Chris
Harrison

Word Spectrum: Visualizing Google's Bi-Gram Data

Using Google's enormous bigram dataset, I produced a series of visualizations that explore word associations. Each visualization pits two primary terms against each other. Then, the use frequency of words that follow these two terms are analyzed. For example, "war memorial" occurs 531,205 times, while "peace memorial" occurs only 25,699. A position for each word is generated by looking at the ratio of the two frequencies. If they are equal, the word is placed in the middle of the scale. However, if there is a imbalance in the uses, the word is drawn towards the more frequently related term. This process is repeated for thousands of other word combinations, creating a spectrum of word associations. Font size is based on a inverse power function (uniquely set for each visualization, so you can't compare across pieces). Vertical positioning is random.
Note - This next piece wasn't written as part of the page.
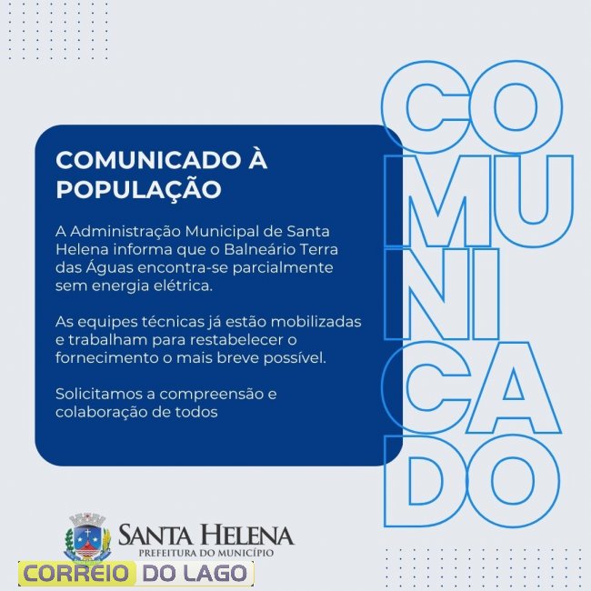A Administração Municipal de Santa Helena informa que o Balneário Terra das Aguas encontra-se parcialmente sem energia elétrica.

To better achieve a even distribution, I normalized the frequencies of bigrams based on total primary term frequency. So, for example, in the case of war vs. peace, there are 81,839,381 bigrams starting with war and 31,263,375 bigrams starting with peace. If I render the spectrum without normalization, it ends up lopsided toward war (since the usage totals are so much higher). To compensate, I scale down all of war's bigrams so that the overall frequencies are even.

A new visualization looking at the same dataset has been posted.

Jeff Clark has created interactive versions for Twitter and news.

Warning: the visualizations use actual word frequencies from the web - foul language is present!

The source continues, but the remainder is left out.